_TASK OBJECTIVE:_
Leave the images out. Give every line below again, precisely.

_DATA PROVIDED:_
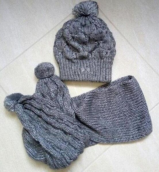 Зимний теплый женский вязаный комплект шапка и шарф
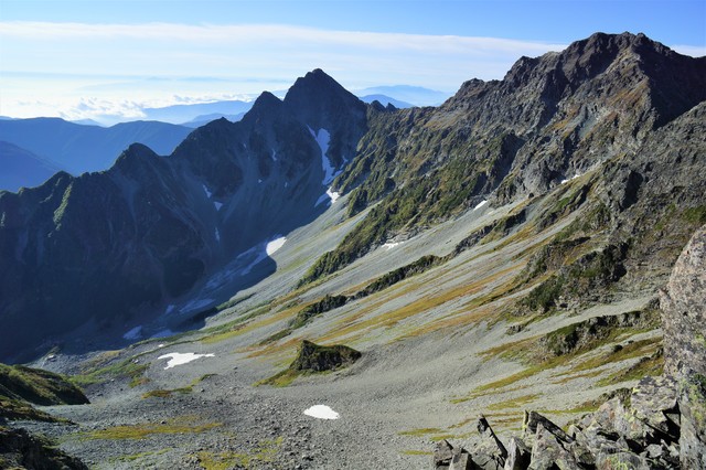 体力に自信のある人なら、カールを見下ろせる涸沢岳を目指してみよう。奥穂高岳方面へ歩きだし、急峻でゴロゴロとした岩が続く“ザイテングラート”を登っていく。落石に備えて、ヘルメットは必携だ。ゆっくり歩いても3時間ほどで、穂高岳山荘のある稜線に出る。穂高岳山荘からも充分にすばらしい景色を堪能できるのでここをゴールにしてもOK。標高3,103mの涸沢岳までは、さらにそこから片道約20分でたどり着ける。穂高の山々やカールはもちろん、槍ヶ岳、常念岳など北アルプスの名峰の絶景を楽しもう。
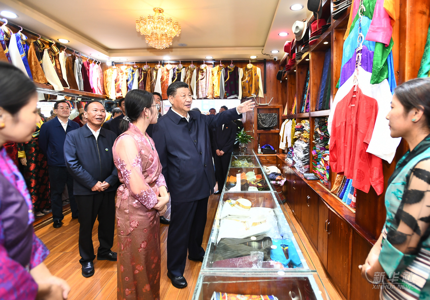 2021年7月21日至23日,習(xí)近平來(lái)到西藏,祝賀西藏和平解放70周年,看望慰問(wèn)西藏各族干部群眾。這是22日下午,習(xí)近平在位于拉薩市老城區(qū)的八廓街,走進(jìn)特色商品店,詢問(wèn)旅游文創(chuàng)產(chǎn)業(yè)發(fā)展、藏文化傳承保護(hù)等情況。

_RESULT OF THE TASK:_
 Зимний теплый женский вязаный комплект шапка и шарф
 体力に自信のある人なら、カールを見下ろせる涸沢岳を目指してみよう。奥穂高岳方面へ歩きだし、急峻でゴロゴロとした岩が続く“ザイテングラート”を登っていく。落石に備えて、ヘルメットは必携だ。ゆっくり歩いても3時間ほどで、穂高岳山荘のある稜線に出る。穂高岳山荘からも充分にすばらしい景色を堪能できるのでここをゴールにしてもOK。標高3,103mの涸沢岳までは、さらにそこから片道約20分でたどり着ける。穂高の山々やカールはもちろん、槍ヶ岳、常念岳など北アルプスの名峰の絶景を楽しもう。
 2021年7月21日至23日,習(xí)近平來(lái)到西藏,祝賀西藏和平解放70周年,看望慰問(wèn)西藏各族干部群眾。這是22日下午,習(xí)近平在位于拉薩市老城區(qū)的八廓街,走進(jìn)特色商品店,詢問(wèn)旅游文創(chuàng)產(chǎn)業(yè)發(fā)展、藏文化傳承保護(hù)等情況。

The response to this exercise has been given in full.